This article is reproduced from Econsultancy’s report, Email Marketing Best Practice: Communications Strategy, authored by Kath Pay, and one of a suite of nine email guides available to members.

One ongoing challenge that many email marketers face is the lack of an overarching strategy in email communications in favour of a campaign-by-campaign approach.

Although this lack of a guiding vision can be understandable for one-person email departments or teams burdened with more work requirements than employees to meet them, it can lead to chaotic communications, wasted time and budget resources, and an increasingly ineffective channel.

For many marketers, the most difficult step is simply knowing where to begin. Making that first step an audit of the email marketing programme delivers two significant benefits:

  • An audit lays out a formal process the marketing team can follow to systematically review all key areas of the programme where the brand might be performing well, underperforming or not addressing in any way.
  • The audit report can help marketers identify opportunities for both short-term and long-term gains as well as prioritise next steps, which could include making incremental changes to capitalise on low-hanging fruit before or as changes are planned to overhaul the whole email programme.

An audit can also reveal problematic acquisition sources, outmoded or broken templates or copy, misfiring automations, deliverability weaknesses, reporting inconsistencies and other problems.

Email teams often conduct an audit to identify problems when revenue is falling or consistently fails to hit annual goals. However, an audit need not wait until an issue arises. In fact, the best time to launch an email audit is before a problem develops. In some marketing teams a new team leader might order an audit to determine the lie of the land if one has not been done within the past few years.

For other teams, email success itself can prompt the company’s leadership team to assign an ambitious email goal for the coming budget year. An email audit in this case could reveal overlooked opportunities for adding revenue, improving acquisition or other strategically aligned goals.

In any event, the marketing team should perform an email audit before undertaking any major changes, such as changing email service providers or significantly increasing investment in email automation and other technology.

Criteria for an email audit

An email audit will consider the following aspects of an email marketing programme, many of which should be part of email marketing strategy for an organisation:

  1. Email objectives and overall strategy
  2. Deliverability status and trends
  3. What the company’s competitors are doing and how its programme compares
  4. The customer journey, including PPC, website, landing pages and social media touchpoints
  5. List growth trends and statistics
  6. Lifecycle programmes (welcome/first purchase, loyalty, win-back, etc.)
  7. Newsletters, including frequency and content
  8. Design and copy for both promotional and transactional emails
  9. Data use in personalisation and segmentation
  10. The current testing programme
  11. Analytics and metrics

Applying the learning: Consider whether to bring in an outside email auditor

As the list above indicates, the email audit can reach beyond the email team into other departments, including other marketing channels, as well as CRM, IT and database, so it is important to have coordination among departments for an effective audit.
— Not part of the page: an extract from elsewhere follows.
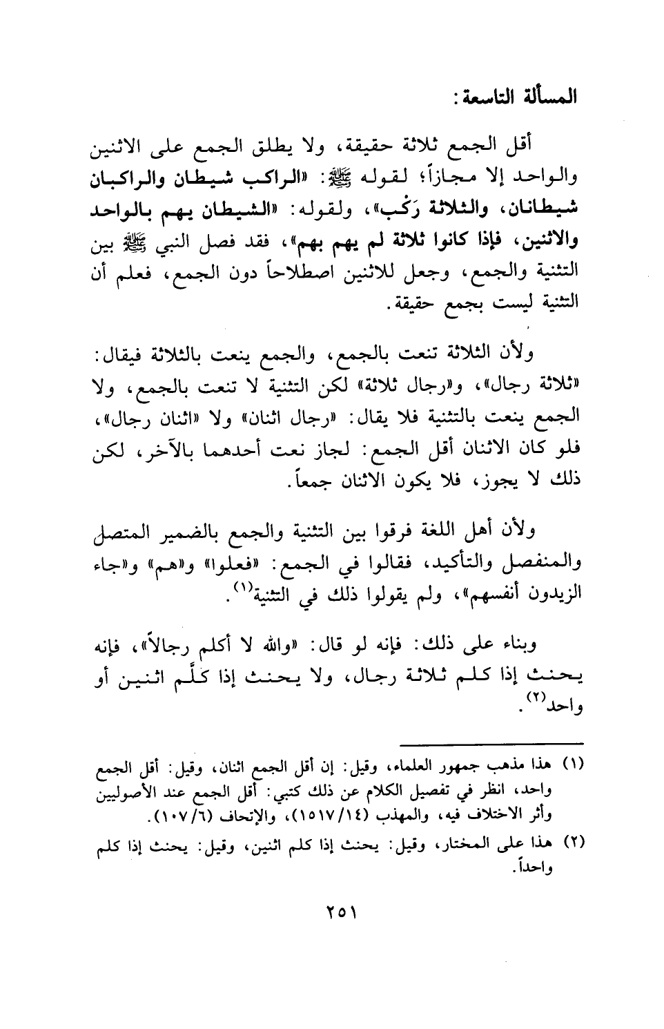 أقل الجمع ثلاثة حقيقة، ولا يطلق الجمع على الاثنين والواحد إلا مجازاً؛ لقوله - صلى الله عليه وسلم -: " الراكب شيطان والراكبان شيطانان، والثلاثة رَكب "، ولقوله: " الشيطان يهم بالواحد والاثنين، فإذا كانوا ثلاثة لم يهم بهم "،، فقد فصل النبي - صلى الله عليه وسلم - بين التثنية والجمع، وجعل للاثنين اصطلاحاً دون الجمع، فعلم أن التثنية ليست بجمع حقيقة.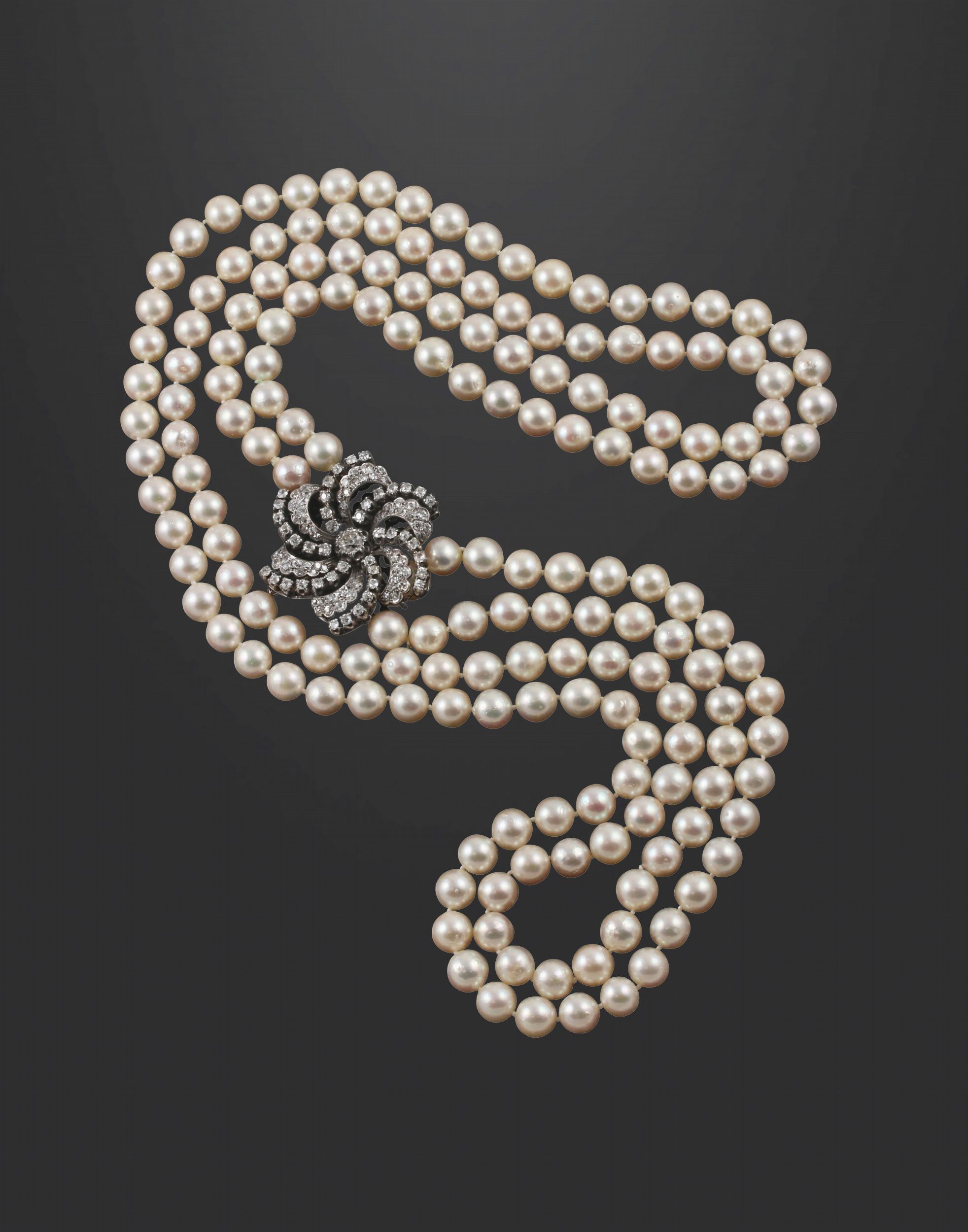 a due fili di perle 9 mm con ornamento laterale a guisa di fiore traforato ornato da diamanti.Lunghezza 75 cm ca.

Note also that marketers can often be too close to the email programme to impartially judge its strengths and weaknesses. Inter-department competition and relationships can also hamper the goal of an unbiased and effective audit.

For those reasons, a team considering a full email audit might seek the services of an outside expert who can review all aspects of the email programme objectively.

An experienced, external auditor brings the outsider’s perspective to the email programme, has no allegiances to any departments, can pinpoint problems and possibly suggest solutions the team may have either overlooked or learned to tolerate or work around.

The industry view:

Strategic planning begins with objectives

Mar Juárez, CRM Manager, IVI RMA Global:

“To create our yearly email strategy, we start from the basics – what are the business objectives? Having this in mind, we start planning all the actions we will perform with the email channel and create our roadmap for the upcoming year.”

“If one of our focus points is to increase the conversion of our webinars and to attract new leads to enter the funnel, then we look at the current events’ journeys, copy and design and think [about] how to optimise it so that we can achieve these objectives.

“We always have room for improvement during the year, so the strategy is never set in stone. From past experiences we’ve learnt that it is most important to be flexible and agile when the circumstances require quick changes.”

Email strategy planning leaves room for changes

Kelly Haggard, VP – Marketing Innovation, Synchrony:

“Our email creation process begins at the start of the year, when we sit down and put pen to paper and think about the things that might come up during the year, like a vendor’s new set of features or something in the organisation outside of our team that we might have to support.

“The overall strategy remains pretty consistent throughout the year, but we do leave space to think about new pilots or new proofs of concepts that we can launch throughout the year to provide efficiencies back to the company or deliver against some revenue numbers.”

Audits require impartial review and action on recommendations

Beata Linz, Global CRM Director, AdBirds:

“Brands should do more in-depth analysis and on a constant basis to be able to pinpoint missed opportunities. A comprehensive audit, such as a six-month review and a robust yearly review, helps with this.

“The internal stakeholders often don’t have the time to sit down and look at these from a distance. Having external or fresh eyes to look at it from the outside is always helpful for the organisation. Furthermore, no audit is successful if the actions identified are not being followed up on with an action plan and implementation.”